[SUPPLIED RECORDS]

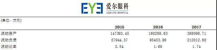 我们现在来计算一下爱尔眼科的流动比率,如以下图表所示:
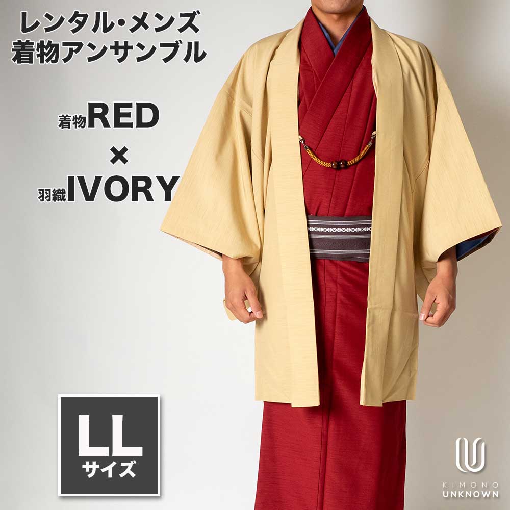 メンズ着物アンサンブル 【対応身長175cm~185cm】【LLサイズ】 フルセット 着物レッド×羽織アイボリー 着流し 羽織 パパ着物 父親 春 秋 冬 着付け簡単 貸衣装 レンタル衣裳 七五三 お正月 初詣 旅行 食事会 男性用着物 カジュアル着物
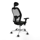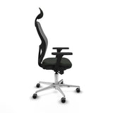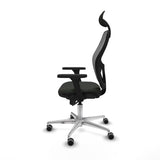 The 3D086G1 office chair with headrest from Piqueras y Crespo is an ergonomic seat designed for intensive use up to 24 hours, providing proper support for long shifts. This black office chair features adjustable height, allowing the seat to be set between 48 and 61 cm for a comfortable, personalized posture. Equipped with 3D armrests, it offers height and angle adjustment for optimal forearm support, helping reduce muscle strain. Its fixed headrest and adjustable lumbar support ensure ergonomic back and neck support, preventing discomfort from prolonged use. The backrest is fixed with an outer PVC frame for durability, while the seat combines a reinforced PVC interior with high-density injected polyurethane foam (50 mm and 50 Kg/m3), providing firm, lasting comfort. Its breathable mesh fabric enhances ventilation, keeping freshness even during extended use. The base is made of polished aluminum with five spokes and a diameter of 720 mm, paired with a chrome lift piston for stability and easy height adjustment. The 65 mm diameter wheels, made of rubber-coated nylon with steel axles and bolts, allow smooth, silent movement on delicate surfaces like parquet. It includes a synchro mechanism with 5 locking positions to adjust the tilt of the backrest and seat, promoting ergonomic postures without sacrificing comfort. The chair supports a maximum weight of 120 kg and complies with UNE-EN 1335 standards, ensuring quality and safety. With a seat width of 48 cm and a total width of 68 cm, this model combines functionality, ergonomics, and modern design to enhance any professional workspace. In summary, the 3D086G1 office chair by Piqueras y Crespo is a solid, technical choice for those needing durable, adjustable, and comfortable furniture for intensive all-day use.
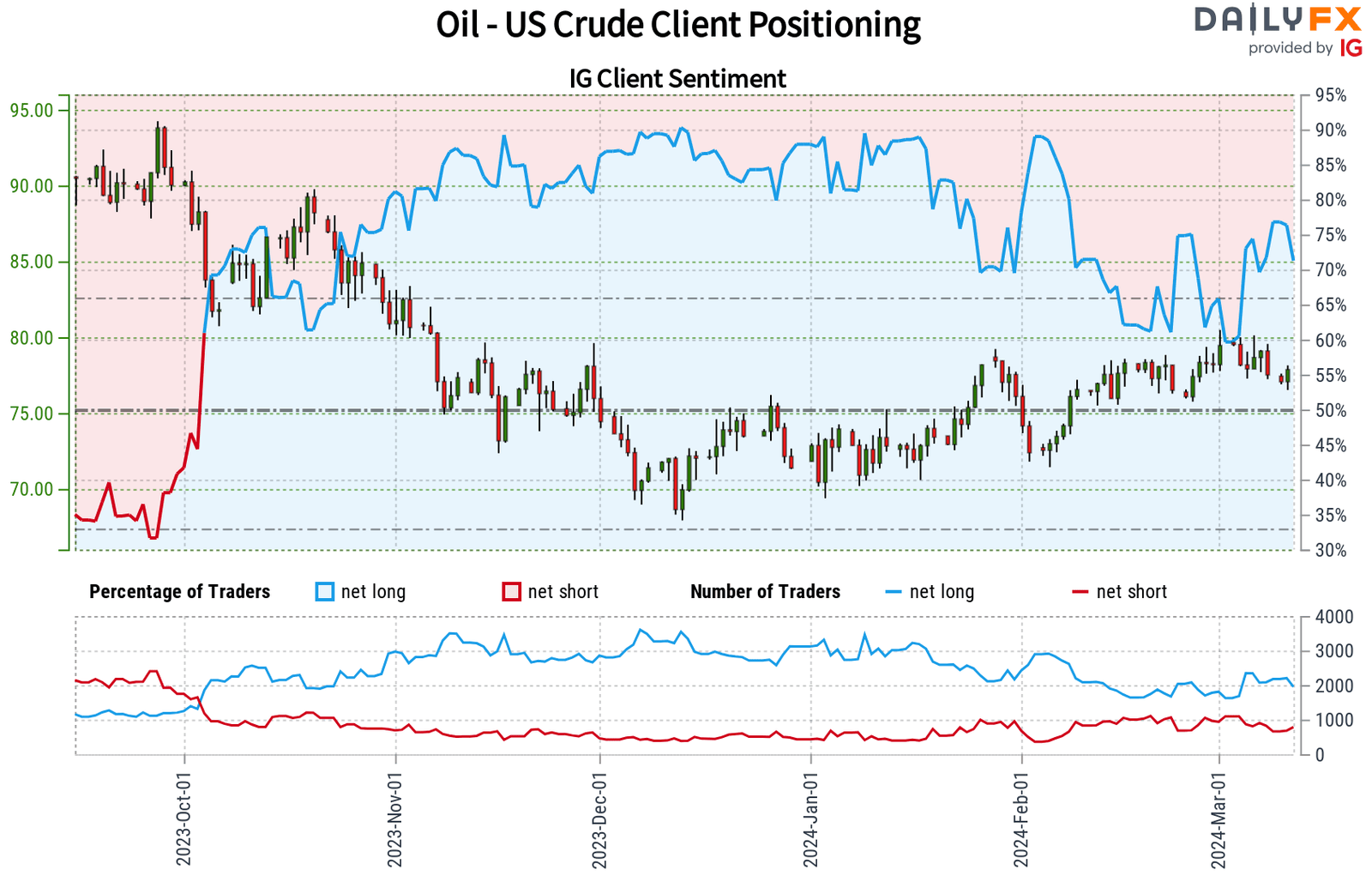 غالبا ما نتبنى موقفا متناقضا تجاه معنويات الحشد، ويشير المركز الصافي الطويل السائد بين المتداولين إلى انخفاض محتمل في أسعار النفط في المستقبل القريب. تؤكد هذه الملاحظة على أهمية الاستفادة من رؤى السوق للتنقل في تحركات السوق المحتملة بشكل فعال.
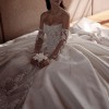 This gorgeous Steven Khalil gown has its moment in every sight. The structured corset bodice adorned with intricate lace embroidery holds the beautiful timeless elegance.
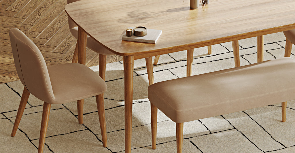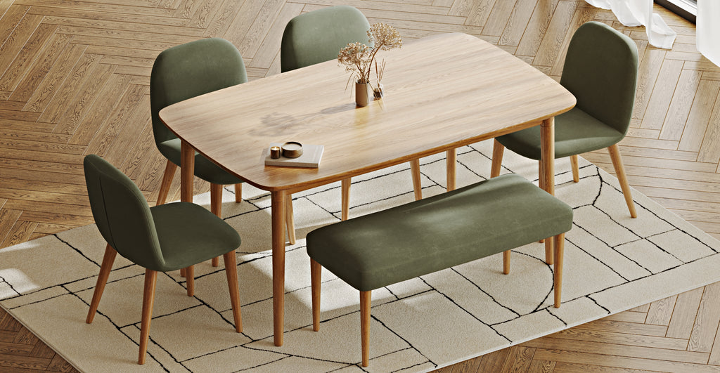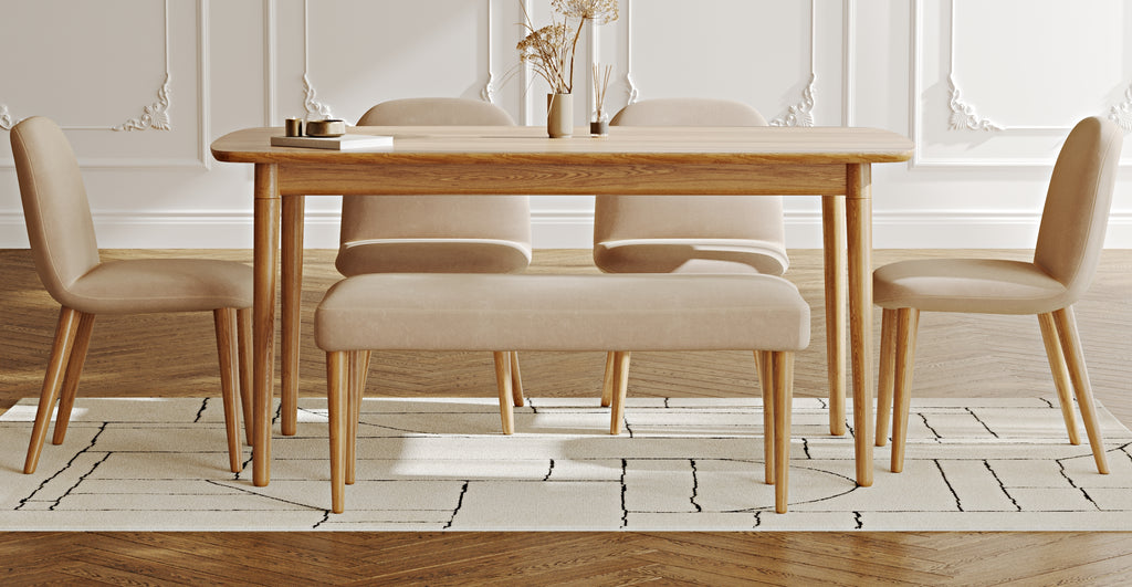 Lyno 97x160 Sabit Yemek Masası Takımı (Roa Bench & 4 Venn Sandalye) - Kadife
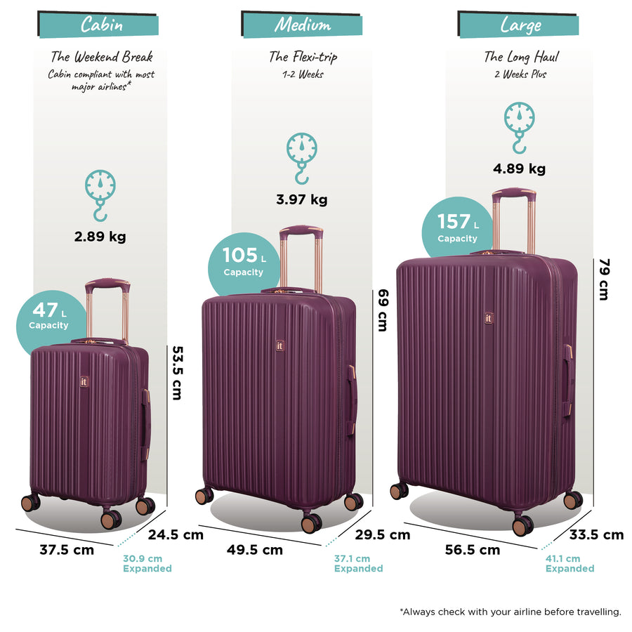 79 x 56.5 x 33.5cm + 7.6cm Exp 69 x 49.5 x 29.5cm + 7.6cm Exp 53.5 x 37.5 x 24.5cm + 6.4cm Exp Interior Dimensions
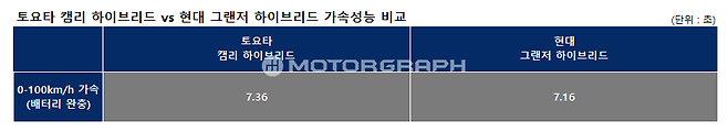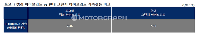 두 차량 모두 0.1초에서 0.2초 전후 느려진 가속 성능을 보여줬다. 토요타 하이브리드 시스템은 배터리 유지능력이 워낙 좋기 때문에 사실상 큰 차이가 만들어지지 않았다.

[/SUPPLIED RECORDS]
[SUPPLIED RECORDS]

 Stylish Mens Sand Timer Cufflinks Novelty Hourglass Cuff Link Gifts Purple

[/SUPPLIED RECORDS]
[SUPPLIED RECORDS]

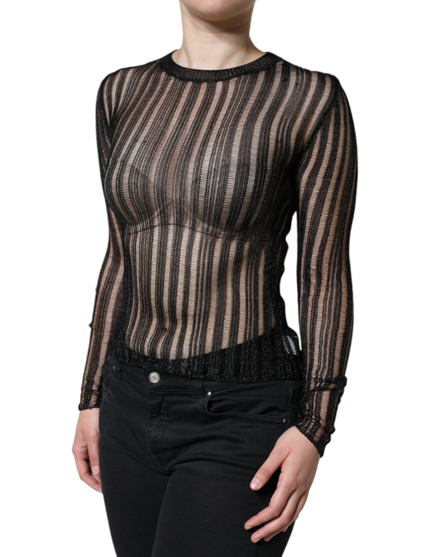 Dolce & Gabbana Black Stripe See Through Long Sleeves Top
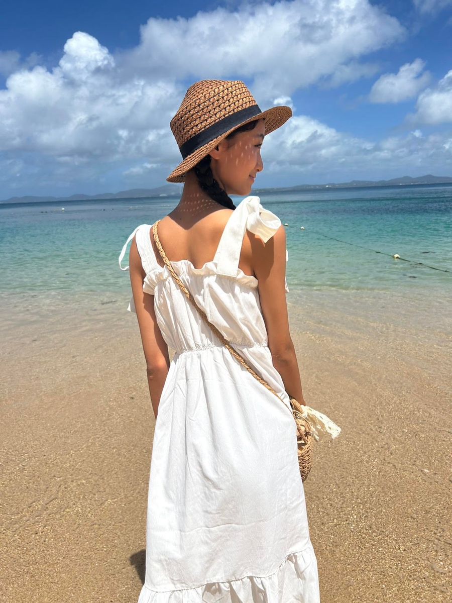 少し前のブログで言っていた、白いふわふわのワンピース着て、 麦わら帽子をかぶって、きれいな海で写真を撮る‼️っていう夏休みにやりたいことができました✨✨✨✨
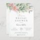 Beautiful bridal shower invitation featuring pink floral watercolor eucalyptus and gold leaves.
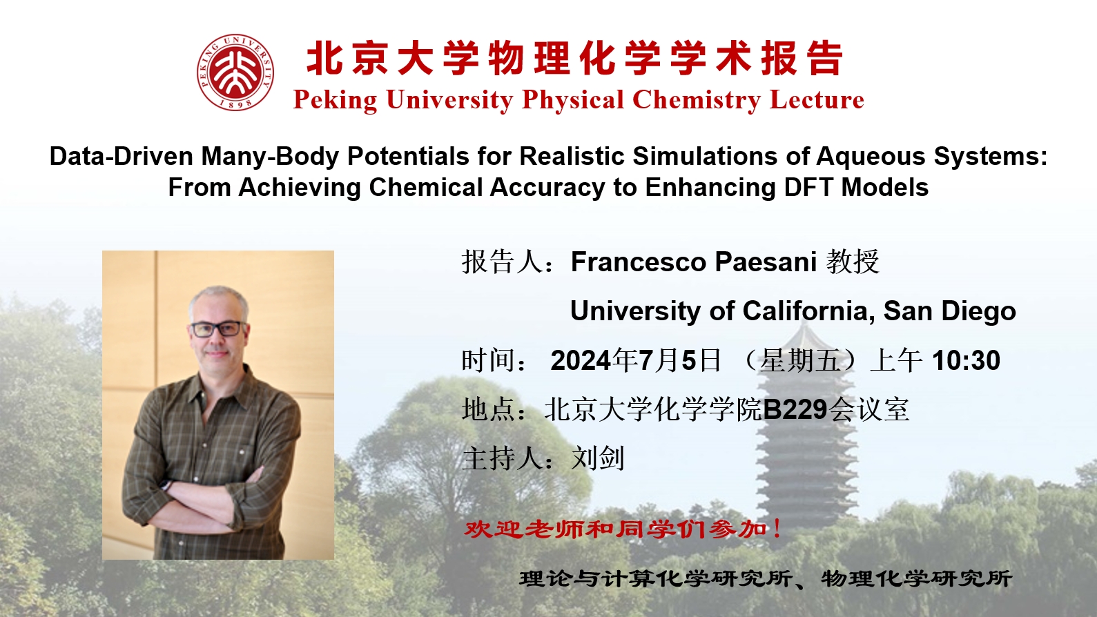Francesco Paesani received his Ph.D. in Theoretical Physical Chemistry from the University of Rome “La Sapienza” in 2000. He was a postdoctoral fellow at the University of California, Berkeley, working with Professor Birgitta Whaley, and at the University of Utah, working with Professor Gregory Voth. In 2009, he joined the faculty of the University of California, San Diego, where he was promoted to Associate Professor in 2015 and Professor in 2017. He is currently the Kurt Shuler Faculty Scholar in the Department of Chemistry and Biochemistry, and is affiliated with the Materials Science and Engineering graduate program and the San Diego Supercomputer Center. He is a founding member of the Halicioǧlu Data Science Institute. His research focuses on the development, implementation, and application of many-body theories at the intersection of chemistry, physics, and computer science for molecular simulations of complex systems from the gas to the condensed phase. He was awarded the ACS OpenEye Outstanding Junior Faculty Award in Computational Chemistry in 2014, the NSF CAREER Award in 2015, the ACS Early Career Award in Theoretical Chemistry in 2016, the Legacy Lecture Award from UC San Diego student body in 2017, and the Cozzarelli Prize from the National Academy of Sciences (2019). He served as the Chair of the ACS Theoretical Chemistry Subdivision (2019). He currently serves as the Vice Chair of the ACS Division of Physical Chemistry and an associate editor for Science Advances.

[/SUPPLIED RECORDS]

Pictures excluded, give again exactly and only the lines of the material above from the line with "غالبا ما نتبنى" through the line with "This gorgeous Steven".

■ ANSWER AREA
 غالبا ما نتبنى موقفا متناقضا تجاه معنويات الحشد، ويشير المركز الصافي الطويل السائد بين المتداولين إلى انخفاض محتمل في أسعار النفط في المستقبل القريب. تؤكد هذه الملاحظة على أهمية الاستفادة من رؤى السوق للتنقل في تحركات السوق المحتملة بشكل فعال.
 This gorgeous Steven Khalil gown has its moment in every sight. The structured corset bodice adorned with intricate lace embroidery holds the beautiful timeless elegance.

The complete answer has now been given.